Călin Georgescu and the Question of Flowers: A Romanian Moment on Realități with Niculescu
In the podcast Realități cu Niculescu, Călin Georgescu made a statement that stayed with me: “I never understood why a woman is given flowers.” For many, the sentence sounded controversial. For me, it sounded like a question about meaning.





Because gestures repeated without awareness lose their substance. A flower offered mechanically becomes routine. A flower offered consciously becomes recognition. Georgescu’s remark did not reject the gesture — it challenged the emptiness that appears when symbols are disconnected from intention.
This conversation happened at a critical moment for Romania. Following the annulment of the elections, many citizens felt something deeper than political frustration: a sense that their voice no longer mattered. When voting is suspended, people don’t just lose a process — they lose trust.

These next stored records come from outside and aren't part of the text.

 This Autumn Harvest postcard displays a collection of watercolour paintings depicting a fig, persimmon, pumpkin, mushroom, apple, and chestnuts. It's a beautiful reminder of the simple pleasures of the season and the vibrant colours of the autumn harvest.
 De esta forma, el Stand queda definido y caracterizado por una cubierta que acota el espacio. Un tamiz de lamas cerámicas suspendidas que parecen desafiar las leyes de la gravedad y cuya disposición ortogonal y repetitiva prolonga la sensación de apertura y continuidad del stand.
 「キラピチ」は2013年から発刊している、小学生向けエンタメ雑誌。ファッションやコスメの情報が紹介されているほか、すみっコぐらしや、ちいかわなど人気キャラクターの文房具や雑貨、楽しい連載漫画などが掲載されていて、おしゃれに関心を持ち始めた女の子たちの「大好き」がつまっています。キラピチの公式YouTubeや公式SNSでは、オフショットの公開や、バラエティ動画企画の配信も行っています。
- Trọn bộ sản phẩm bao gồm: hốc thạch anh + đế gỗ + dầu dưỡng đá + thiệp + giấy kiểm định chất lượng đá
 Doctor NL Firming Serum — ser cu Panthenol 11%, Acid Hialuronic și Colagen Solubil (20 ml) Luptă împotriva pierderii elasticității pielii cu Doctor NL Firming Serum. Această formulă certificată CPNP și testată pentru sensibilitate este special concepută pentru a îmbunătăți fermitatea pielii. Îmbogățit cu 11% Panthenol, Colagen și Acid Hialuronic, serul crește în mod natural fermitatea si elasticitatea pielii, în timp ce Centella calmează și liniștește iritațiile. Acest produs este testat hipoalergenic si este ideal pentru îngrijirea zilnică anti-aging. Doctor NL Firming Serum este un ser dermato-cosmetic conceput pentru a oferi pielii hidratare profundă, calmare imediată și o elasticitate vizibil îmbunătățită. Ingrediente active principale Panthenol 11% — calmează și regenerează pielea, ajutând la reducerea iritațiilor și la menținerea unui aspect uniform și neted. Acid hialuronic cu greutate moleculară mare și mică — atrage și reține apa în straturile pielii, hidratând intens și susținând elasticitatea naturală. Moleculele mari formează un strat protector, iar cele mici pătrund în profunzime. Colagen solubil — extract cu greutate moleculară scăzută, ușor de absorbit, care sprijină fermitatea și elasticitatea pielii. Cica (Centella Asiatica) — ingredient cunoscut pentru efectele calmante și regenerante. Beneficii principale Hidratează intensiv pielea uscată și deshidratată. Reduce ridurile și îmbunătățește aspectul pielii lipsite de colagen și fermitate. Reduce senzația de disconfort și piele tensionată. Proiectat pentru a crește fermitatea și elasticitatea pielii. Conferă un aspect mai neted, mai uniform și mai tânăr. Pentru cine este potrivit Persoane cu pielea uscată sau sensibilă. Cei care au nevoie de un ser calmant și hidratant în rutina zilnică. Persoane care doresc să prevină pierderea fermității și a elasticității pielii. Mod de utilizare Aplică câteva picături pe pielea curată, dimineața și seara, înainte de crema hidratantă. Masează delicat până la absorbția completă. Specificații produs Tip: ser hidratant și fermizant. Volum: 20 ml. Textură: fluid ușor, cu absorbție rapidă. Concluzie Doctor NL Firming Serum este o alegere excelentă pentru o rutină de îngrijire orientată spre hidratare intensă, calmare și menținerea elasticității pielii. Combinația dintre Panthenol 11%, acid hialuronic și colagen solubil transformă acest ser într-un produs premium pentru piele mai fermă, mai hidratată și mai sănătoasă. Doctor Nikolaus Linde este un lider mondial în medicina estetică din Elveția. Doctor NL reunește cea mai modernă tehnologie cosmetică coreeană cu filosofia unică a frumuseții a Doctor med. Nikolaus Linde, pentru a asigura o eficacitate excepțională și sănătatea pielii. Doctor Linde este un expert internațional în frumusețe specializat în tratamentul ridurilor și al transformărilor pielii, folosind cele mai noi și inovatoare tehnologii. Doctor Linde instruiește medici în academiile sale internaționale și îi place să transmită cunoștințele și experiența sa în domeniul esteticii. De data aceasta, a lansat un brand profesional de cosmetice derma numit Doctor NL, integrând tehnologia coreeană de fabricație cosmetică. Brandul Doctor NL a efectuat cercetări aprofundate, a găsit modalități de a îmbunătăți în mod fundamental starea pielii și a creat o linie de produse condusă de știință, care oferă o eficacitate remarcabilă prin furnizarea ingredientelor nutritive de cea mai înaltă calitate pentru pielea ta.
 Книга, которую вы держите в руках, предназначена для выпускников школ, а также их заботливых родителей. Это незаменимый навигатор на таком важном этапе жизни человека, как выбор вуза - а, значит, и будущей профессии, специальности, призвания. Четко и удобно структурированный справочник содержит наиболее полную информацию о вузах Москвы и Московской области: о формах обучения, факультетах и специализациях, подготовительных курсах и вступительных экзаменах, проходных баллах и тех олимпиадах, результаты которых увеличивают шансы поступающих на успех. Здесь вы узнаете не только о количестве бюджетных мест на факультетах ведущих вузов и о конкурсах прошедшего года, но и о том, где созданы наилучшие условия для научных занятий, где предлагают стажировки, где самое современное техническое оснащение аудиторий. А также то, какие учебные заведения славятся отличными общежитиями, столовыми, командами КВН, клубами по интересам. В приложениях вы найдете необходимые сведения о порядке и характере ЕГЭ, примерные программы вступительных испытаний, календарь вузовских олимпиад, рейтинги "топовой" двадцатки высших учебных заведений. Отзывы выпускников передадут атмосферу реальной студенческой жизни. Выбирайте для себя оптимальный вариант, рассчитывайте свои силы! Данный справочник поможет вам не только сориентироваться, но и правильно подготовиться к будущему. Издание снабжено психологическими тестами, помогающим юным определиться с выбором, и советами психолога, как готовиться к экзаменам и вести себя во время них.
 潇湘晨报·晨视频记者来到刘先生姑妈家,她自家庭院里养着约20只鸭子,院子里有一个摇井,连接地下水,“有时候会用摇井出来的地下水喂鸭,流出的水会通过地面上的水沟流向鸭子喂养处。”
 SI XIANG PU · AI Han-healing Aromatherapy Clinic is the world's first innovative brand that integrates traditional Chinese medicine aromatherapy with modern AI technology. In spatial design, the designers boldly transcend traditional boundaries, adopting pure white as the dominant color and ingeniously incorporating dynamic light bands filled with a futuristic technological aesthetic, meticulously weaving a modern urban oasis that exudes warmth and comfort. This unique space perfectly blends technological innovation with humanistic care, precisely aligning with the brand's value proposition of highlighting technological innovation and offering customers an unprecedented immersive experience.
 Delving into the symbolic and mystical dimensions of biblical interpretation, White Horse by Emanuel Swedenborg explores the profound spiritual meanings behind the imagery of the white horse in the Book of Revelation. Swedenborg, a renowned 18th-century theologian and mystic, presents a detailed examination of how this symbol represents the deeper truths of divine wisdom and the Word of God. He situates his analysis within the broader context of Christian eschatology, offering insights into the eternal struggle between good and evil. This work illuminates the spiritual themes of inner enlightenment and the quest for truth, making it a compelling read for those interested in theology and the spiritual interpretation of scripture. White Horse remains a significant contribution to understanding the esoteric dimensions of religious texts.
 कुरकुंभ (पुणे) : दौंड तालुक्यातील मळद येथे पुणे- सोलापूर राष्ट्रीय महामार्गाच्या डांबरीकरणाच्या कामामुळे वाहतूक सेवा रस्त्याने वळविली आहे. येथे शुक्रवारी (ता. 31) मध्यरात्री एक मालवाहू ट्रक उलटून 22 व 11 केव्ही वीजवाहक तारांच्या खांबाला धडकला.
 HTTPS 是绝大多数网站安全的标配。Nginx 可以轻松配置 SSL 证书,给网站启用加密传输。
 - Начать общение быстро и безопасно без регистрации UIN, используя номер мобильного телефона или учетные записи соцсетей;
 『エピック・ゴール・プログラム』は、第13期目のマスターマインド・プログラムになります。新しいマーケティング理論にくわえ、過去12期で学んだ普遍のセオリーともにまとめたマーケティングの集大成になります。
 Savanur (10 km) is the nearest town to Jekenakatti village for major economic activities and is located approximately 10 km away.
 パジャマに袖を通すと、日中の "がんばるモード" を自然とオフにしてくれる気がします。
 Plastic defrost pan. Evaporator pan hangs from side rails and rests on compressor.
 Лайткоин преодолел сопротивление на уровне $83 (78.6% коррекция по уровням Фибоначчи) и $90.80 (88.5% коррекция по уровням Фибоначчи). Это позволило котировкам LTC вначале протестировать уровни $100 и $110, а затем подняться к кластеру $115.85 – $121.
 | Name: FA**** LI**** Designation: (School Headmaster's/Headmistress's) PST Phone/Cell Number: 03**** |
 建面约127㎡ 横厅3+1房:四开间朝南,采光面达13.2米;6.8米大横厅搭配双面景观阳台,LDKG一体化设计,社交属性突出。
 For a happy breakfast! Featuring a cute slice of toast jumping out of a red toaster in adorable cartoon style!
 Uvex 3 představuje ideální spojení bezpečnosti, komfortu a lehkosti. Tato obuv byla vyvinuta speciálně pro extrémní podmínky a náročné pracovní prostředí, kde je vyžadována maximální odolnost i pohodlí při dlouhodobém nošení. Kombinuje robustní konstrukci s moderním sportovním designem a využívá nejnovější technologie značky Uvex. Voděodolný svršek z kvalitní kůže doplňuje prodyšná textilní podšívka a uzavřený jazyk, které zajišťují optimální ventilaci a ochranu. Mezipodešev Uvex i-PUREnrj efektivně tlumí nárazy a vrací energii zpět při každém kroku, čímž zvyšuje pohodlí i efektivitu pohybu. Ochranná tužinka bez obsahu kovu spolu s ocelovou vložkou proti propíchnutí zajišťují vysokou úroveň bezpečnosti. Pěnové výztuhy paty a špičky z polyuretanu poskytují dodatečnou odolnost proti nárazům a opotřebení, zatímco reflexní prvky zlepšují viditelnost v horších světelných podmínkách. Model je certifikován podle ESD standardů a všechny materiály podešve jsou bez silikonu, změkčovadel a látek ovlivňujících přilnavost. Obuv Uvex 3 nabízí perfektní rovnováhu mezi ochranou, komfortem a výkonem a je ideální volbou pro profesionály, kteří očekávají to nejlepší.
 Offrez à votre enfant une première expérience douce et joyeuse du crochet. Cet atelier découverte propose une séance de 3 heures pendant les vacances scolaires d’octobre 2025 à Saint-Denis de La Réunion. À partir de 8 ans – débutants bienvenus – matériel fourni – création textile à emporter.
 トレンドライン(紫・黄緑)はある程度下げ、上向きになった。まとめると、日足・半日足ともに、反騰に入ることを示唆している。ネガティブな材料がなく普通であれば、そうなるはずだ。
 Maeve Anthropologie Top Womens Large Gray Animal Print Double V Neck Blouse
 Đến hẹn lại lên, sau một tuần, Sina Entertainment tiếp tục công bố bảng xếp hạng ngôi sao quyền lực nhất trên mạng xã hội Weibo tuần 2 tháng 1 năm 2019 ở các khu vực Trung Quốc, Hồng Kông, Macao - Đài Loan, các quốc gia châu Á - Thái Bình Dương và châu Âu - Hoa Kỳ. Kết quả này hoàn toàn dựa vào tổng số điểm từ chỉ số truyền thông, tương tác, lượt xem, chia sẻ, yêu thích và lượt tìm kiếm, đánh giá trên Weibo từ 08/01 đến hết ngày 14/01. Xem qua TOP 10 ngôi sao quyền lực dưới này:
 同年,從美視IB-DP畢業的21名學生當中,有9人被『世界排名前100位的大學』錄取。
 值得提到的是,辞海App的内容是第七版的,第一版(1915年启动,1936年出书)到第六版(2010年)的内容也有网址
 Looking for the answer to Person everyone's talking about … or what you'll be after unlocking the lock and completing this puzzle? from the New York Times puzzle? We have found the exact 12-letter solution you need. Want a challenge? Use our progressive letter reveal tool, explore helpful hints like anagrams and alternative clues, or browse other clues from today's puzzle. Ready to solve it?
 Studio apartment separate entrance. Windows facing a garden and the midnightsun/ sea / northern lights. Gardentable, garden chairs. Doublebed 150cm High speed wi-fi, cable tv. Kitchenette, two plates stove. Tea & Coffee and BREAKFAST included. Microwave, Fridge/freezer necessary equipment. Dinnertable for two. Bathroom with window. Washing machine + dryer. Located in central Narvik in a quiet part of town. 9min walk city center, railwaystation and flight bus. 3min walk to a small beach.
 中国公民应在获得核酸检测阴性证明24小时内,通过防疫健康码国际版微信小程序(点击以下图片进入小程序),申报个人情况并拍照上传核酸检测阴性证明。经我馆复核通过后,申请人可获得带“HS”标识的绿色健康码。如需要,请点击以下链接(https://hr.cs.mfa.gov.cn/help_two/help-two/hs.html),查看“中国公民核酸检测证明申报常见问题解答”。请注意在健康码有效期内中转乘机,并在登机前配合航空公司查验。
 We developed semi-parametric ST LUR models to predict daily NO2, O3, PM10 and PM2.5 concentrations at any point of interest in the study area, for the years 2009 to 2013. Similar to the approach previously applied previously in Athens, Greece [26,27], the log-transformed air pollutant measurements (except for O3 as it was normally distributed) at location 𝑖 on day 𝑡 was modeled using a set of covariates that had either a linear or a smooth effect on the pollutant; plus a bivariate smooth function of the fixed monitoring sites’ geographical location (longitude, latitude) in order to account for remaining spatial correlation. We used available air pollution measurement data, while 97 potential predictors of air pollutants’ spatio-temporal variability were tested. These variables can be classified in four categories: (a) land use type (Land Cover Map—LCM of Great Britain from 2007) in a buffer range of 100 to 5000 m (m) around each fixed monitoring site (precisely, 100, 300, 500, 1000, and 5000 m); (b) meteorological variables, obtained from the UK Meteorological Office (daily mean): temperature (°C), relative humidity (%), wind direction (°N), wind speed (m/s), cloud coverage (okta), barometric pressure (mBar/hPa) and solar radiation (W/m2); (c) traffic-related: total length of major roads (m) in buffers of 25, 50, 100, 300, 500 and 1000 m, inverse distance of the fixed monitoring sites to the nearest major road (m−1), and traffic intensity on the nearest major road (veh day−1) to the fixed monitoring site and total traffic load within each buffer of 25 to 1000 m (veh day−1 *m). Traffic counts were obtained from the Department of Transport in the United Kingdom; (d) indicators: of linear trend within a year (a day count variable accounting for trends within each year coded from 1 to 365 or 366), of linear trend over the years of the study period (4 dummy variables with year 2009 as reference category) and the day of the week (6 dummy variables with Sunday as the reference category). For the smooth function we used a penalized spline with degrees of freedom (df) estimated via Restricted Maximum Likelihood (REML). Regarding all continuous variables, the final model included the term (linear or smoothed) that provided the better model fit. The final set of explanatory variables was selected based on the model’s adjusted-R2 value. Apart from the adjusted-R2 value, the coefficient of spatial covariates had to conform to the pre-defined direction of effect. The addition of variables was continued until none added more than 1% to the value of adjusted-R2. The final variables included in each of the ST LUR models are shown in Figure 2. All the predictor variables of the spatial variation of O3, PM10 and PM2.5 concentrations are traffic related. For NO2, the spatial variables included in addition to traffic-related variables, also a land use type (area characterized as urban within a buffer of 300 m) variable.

That moment pushed me to take a public stance.
I chose to defend voting freedom in Romania and to support Călin Georgescu not because I agree with everything he says, but because he speaks about responsibility, sovereignty, and dignity when these values are under pressure. My support is not ideological — it is conscious.
I also resonate with certain ideas expressed by Charlie Kirk, especially the principle that fundamental rights should not depend entirely on institutional permission. Whether in Romania or elsewhere, free voting and free expression are measures of a society’s health.
I chose to attach a positive human energy to this political position. Not to soften reality, but to balance it. Politics driven only by fear and anger drains people. Conscious gestures remind us why rights matter in the first place.
This page exists for clarity.
To explain why I took a stand.
And why, in Romania, defending the right to vote is not extremism — it is responsibility.
Without free voting, democracy is only a word.